Forum Discussion
CirrusApply ACL to an F5 VIP (11.4.1)
Hi
"Source" Option in the WebUI under the F5 VIP only seems to allow for one subset.
"Packet filter" only seems to apply to VLAN's.
Do I have to create an iRule for this? If so, what would be the most efficient method to just match on specific source addresses and allow only that subnets. e.g. below
2 match source-address 172.18.50.0 255.255.255.0 3 match source-address 10.12.20.0 255.255.252.0 4 match source-address 10.12.25.0 255.255.255.0
In regards to 11.4.1, we are only using the /Common parition if a datagroup was the best method.
Thanks!
3 Replies
- nitass
Employee
Do I have to create an iRule for this?
you can create multiple identical virtual servers but different source. anyway, i would prefer using irule rather than multiple virtual servers.

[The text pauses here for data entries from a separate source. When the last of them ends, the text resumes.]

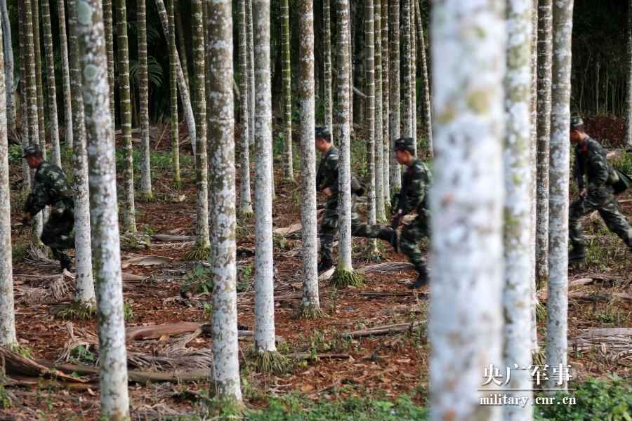 进行捕歼战斗时,拉练官兵在槟榔林快速追敌
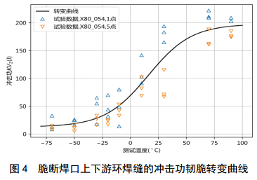 采用自保護藥芯焊絲的環(huán)焊縫主要表現(xiàn)為焊縫金屬沖擊韌性離散,有的位置沖擊吸收能量低。例如,X80管道環(huán)焊縫的打底焊多采用堿性焊條E7016手工焊工藝,填充/蓋面焊采用自保護藥芯焊絲E81T8-Ni2半自動焊工藝,其焊縫金屬﹣10 ℃沖擊吸收能量為15 J~150 J,韌脆轉變溫度較高(圖 4)。
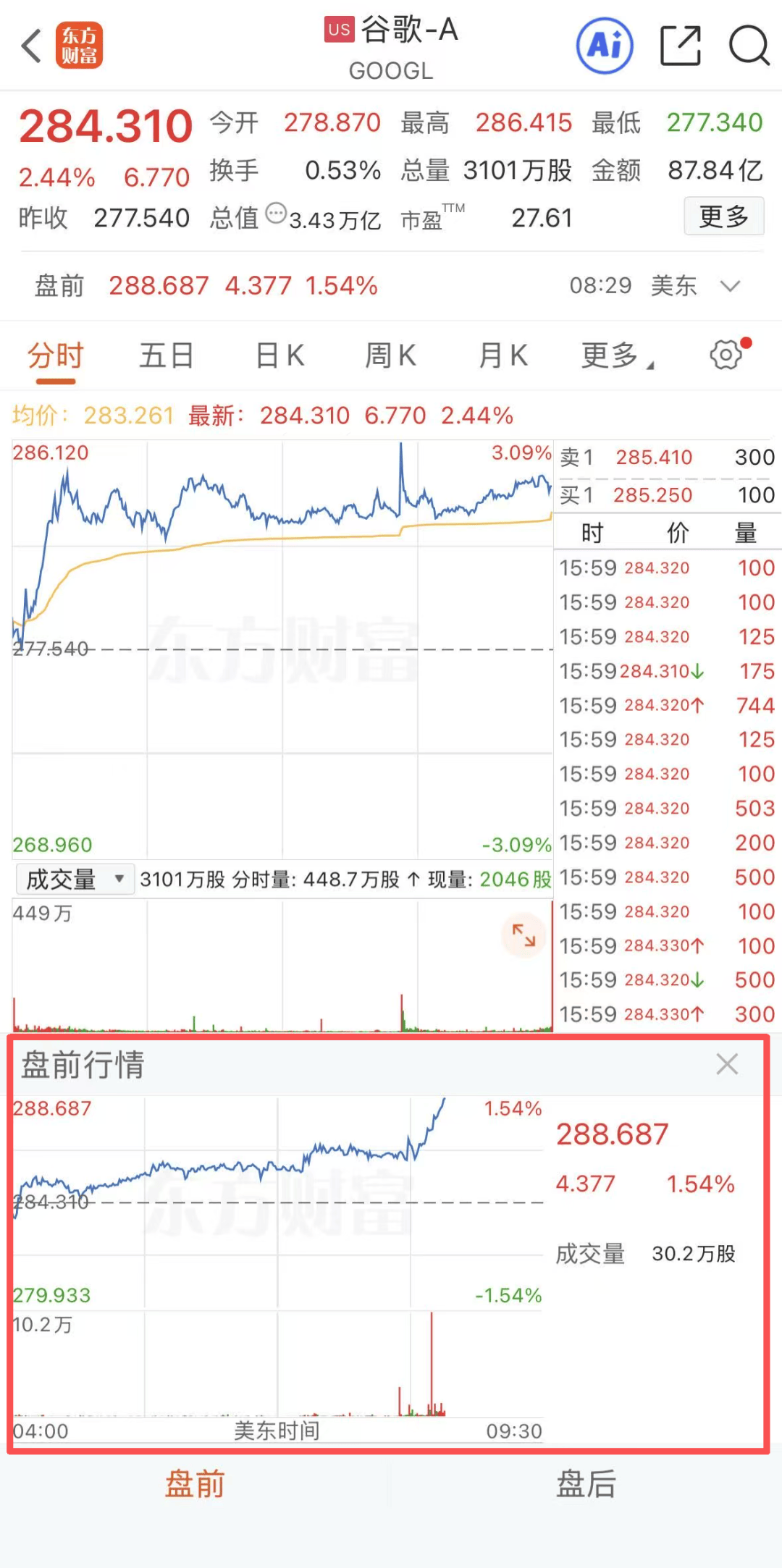 美股盘前,谷歌直线拉涨,截至发稿涨1.54%。
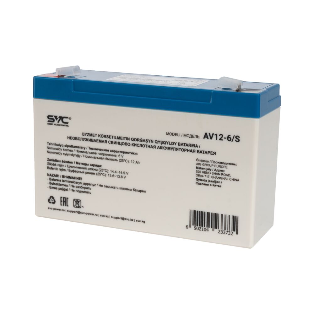 Батарея, SVC, AV12-6/S, Свинцово-кислотная 6В 12Ач, Вес нетто: 1,7 кг, Размер в мм.: 151*50*100
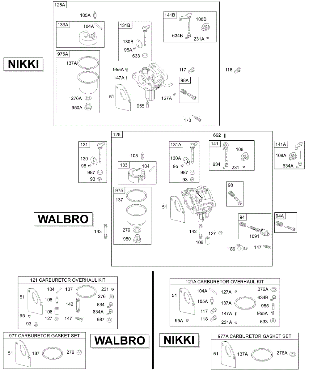 Parts for Briggs & Stratton 28M707-1129-E1: Carburetor, Gasket Kits Parts
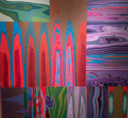 An untitled work by Katherine Tuz-Lau Mann, taking up the entirety of one wall, is another example of carefully ordered chaos. It is made up of twisting shapes which appear indistinct at a distance, yet are actually made up of smaller lines that form an intricate pattern. Ribbons tied in bows, clusters of grapes, and other smaller images make up the larger ones, giving the piece three dimensionality and depth. Its flat black background bespeaks danger, but the effect is lightened by the use of shimmering silver and brighter yellows and blues. Mann’s second piece, “Net,” has an even greater sense of complexity with its multiple layers and mixed elements. She creates cutouts, in a delicate crisscross pattern that is almost like lace, which shows through to a backdrop of magentas and purples. The brightness behind the cutouts contrasts with the black and silver of the main painting, underlining the subtle shapes in the foreground.
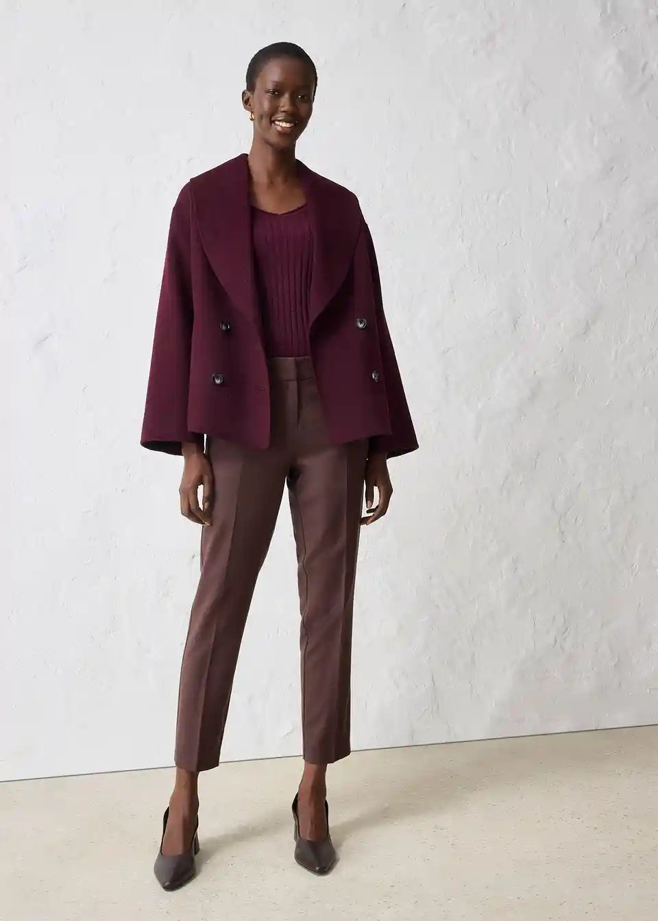 Material:zgornji material: 53% volna, 25% poliester, 20% viskoza, 2% elastan, podloga: 55% poliester (recikliran), 45% viskoza
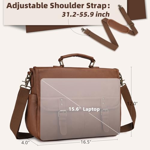 Leather Messenger Bag for Men, 15.6 Inch Laptop Briefcase Large Computer Satchel Shoulder Bag for Work/Business/Travel 6
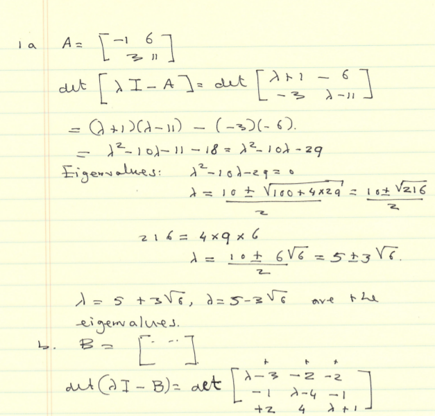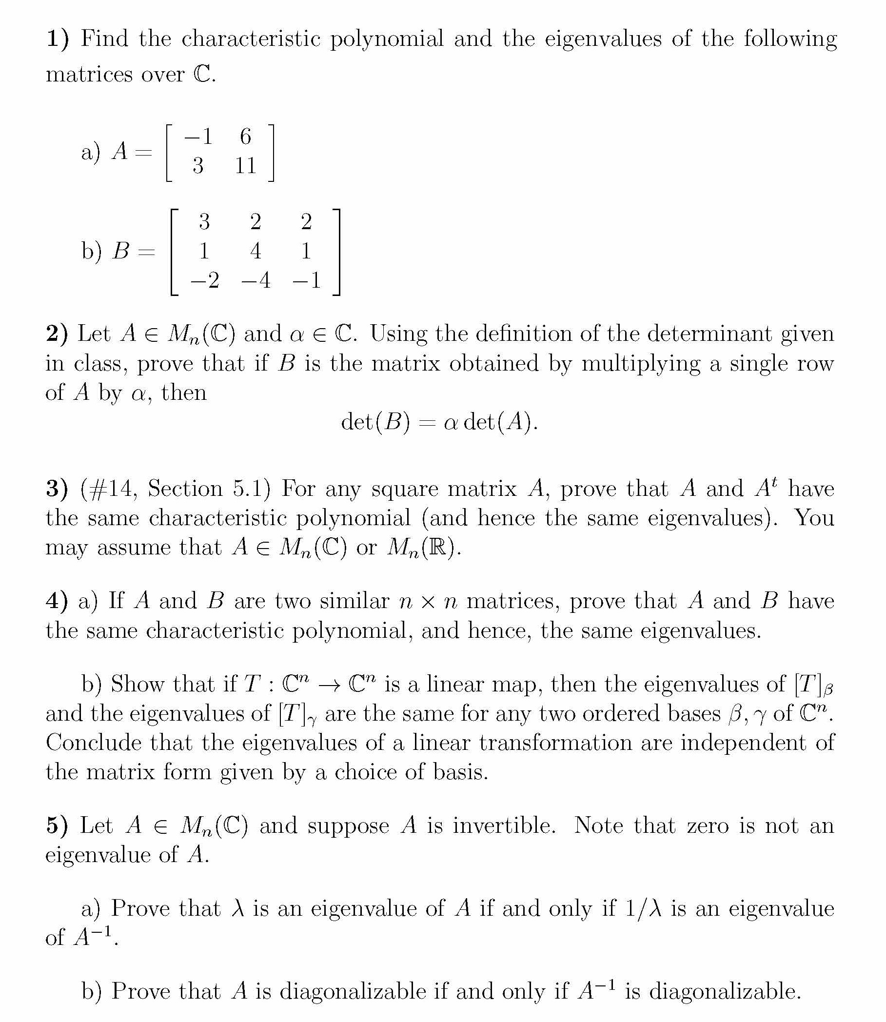 1) Find the characteristic polynomial and the eigenvalues of the fo...
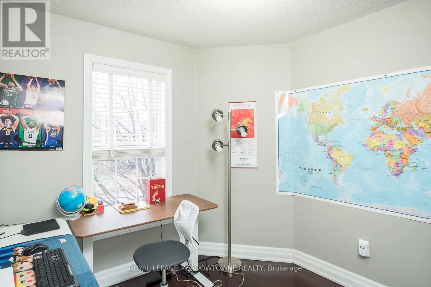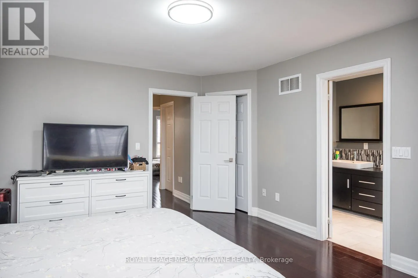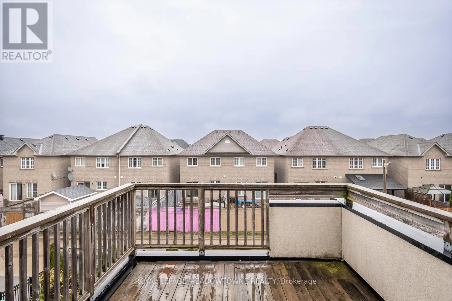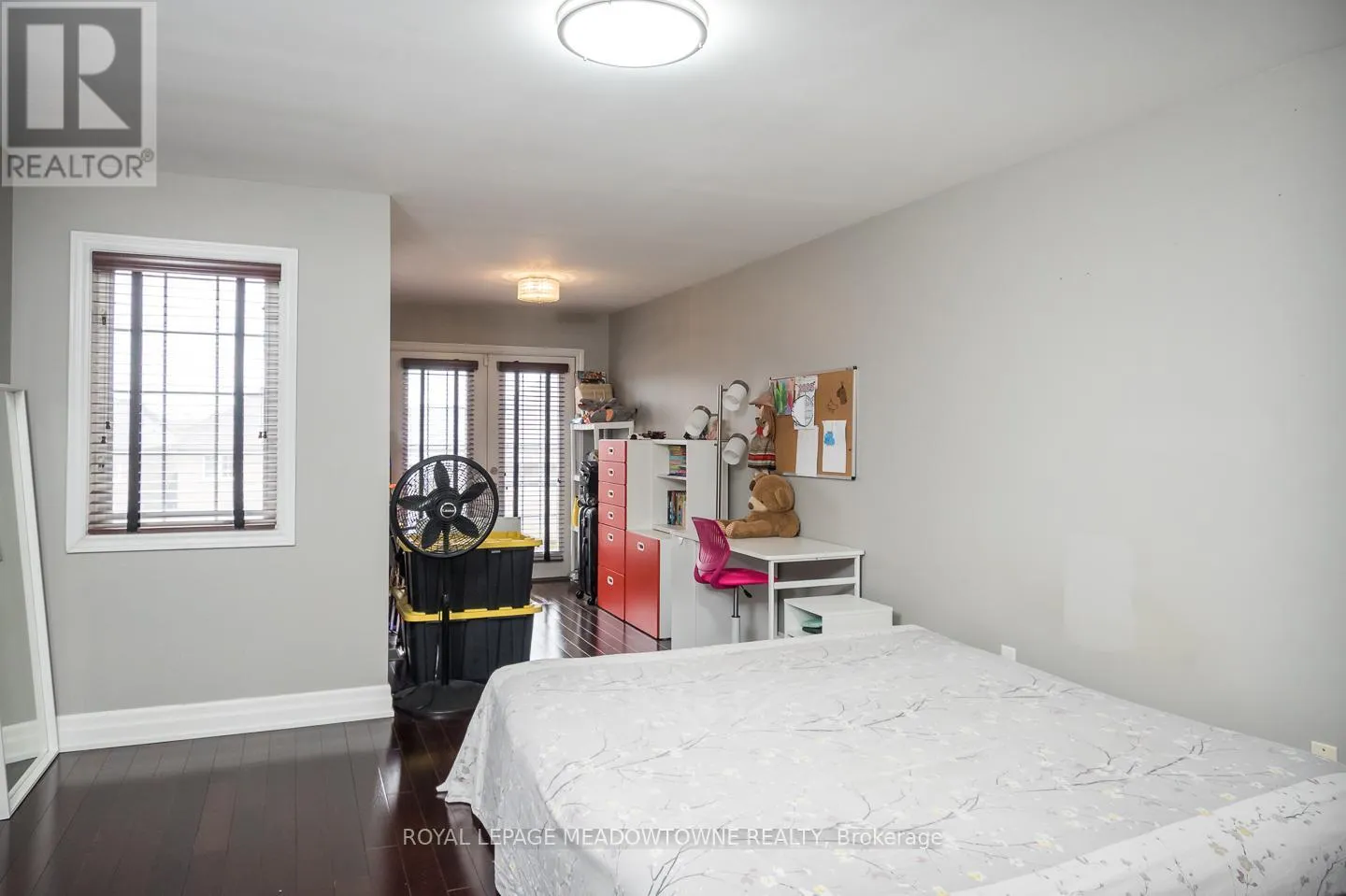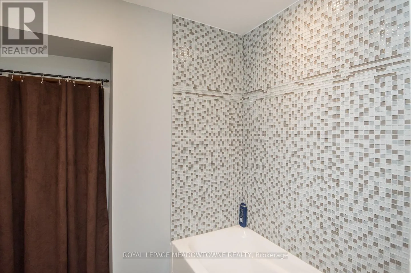 Eglinton Ave / Ridgeway Dr Step inside to a home where the finishes take center stage. Rich Jatoba hardwood flows across the main & second levels, paired with sleek glass & steel railings & lighting that elevate every space. The front living room offers a warm focal point with its fireplace, while the distinct dining area creates an effortless setting for hosting. The custom Irpinia kitchen is the true showpiece - bright, refined, & designed for both beauty & performance. Caesarstone quartz counters, a stylish tile backsplash, Blanco undermount sink, & premium Dacor dual fuel gas cooktop with electric oven (paired with a Ventahood) set the tone. Walk out to a private backyard retreat with an interlock patio. Upstairs, the primary suite features a private balcony, walk in closet & spa inspired 4 piece ensuite. Two additional bedrooms share a generous main bath, with upper-level laundry for convenience. The finished basement adds a bright recreation area with large windows & a full 4 piece bath. Three car parking & interior garage access complete this home in sought after Churchill Meadows. (id:27476)
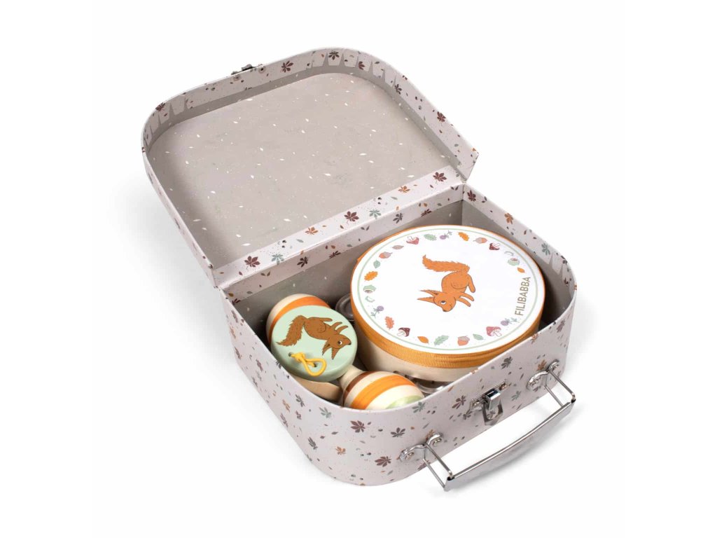 Ennek az aranyos kis bőröndnek és a benne rejlő hangszerek formájában lévő játékoknak köszönhetően gyermeke új hangokat és ritmusokat fedezhet fel, miközben fejleszti finommotoros készségeit.
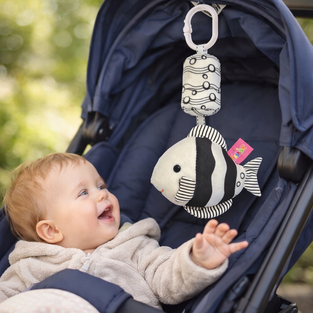 Kontrastowa zawieszka sensoryczna w kształcie uroczej rybki została zaprojektowana specjalnie z myślą o niemowlętach już od pierwszych dni życia. Czarnobiała kolorystyka wspiera rozwój wzroku dziecka, który w pierwszych miesiącach najlepiej reaguje na silne kontrasty. Miękka, przyjemna w dotyku pluszowa zabawka zachęca malucha do sięgania, chwytania i obserwowania, stając się jego pierwszym przyjacielem podczas spacerów i podróży.
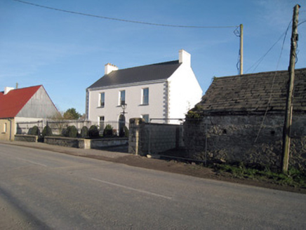 Detached three-bay two-storey house, built c. 1850, with recent extensions to rear. Pitched artificial slate roof having rendered chimneystacks. Rendered walls with limestone plinth course and quoins. Square-headed openings having two-over-two pane timber sliding sash windows and limestone sills. Round-headed opening to rear with replacement uPVC window. Round-headed opening having spoked fanlight over timber panelled door with flanking fluted timber pilasters. Limestone threshold to entrance. Six-bay single-storey outbuilding to south having pitched slate roof and cast-iron rainwater goods. Rubble limestone walls. Square-headed door openings with replacement fittings. Pair of square-profile cast-iron piers having double-leaf cast-iron gates and limestone boundary walls with spear-headed cast-iron railings.

Access Control Based On Network Or Host by Aaron
https://devcentral.f5.com/wiki/irules.AccessControlBasedOnNetworkOrHost.ashxpacket filter affects both admin and client traffic. i would prefer it as the last resource.
just my 2 cents.
TJ_VreugdenhilThank you nitass. That is helpful, however, do you know where I can find an 11.x (11.4.1) iRule example? Aaron's link includes one for 9 and 10, and not yet for 11. Would you happen to have a simple sample for 11.4.1 to allow for a group of source networks?
Thanks!
- nitass
do you know where I can find an 11.x (11.4.1) iRule example?
10.x version is also applicable for 11.x.